It is in section 7 which Feuerbach seems to make the transition from god being equivalent to reason to god being a creation of man (This is where I was convinced Feuerbach does not believe in god). “God is an object of man, and only of man;” further down he says “If, now, god is an object of man-and indeed inasmuch as he really is a necessary and essential object-what is expressed in the being of this object is merely the peculiar essence of man.” (Feuerbach Section 7). I believe what Feuerbach is saying is that god is only what we have created it to be, an image of ourselves into this metaphysical being. Feuerbach continues his attack on the theological god in Section 8 where he states contradictions in both the idea of religion and religion’s idea of god. “In short, man transforms his thoughts and even his emotions into thoughts and emotions of god” a few lines down he says: “…god is self-contradictory, for he is supposed to be a non-human and superhuman being;” (Feuerbach Section 8). At this point I was not only intrigued by Feuerbach’s remarks but fully convinced on Feuerbach’s perspective on god, and its relation to man; the thinking thing.

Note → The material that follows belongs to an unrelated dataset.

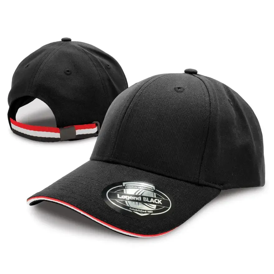 Upgrade your headwear collection with the San Marino Cap, featuring a double sandwich design and tri-stripe webbing strap for a contemporary look. The matt black clip buckle adds a touch of elegance to this versatile cap, making it the perfect choice for any casual or sporty outfit.

Later in the reading Feuerbach says some interesting things which have by then deviated slightly to my concept of discussion; if a being on a comet was to encounter the religious scriptures of theology, also another very bold statement in which Mankind as a whole, as a species has achieved a divine knowledge. It is this last statement which I feel is directly related to the title Principles of the Philosophy of the Future, Feuerbach’s analysis of mankind as a species and it’s knowledge being that of divine nature is only further supported by later scientists’ discoveries like Alan Turing, Benoit Mandelbrot and many others.
How does man achieve freedom?
More seriously, on page 19, Feuerbach makes an important claim: “That from which God is free, from that you must liberate yourself if you want to reach God; and you make yourself really free when you conceive him. Consequently, if you think of God as a being that does not presuppose any other beings or objects, then you yourself will also think without presupposing an external object; the attribute that you affix to God is an attribute of your thought. Only what is activity in man is being in God or imagined as such.” In order for man to be free, he must liberate himself from all that God has liberated himself from--from the sensuous and material objects of the world. Man must realize the essence of reason for that which is in man’s essence will be in his mind. With the realization of reason, man can be truly free.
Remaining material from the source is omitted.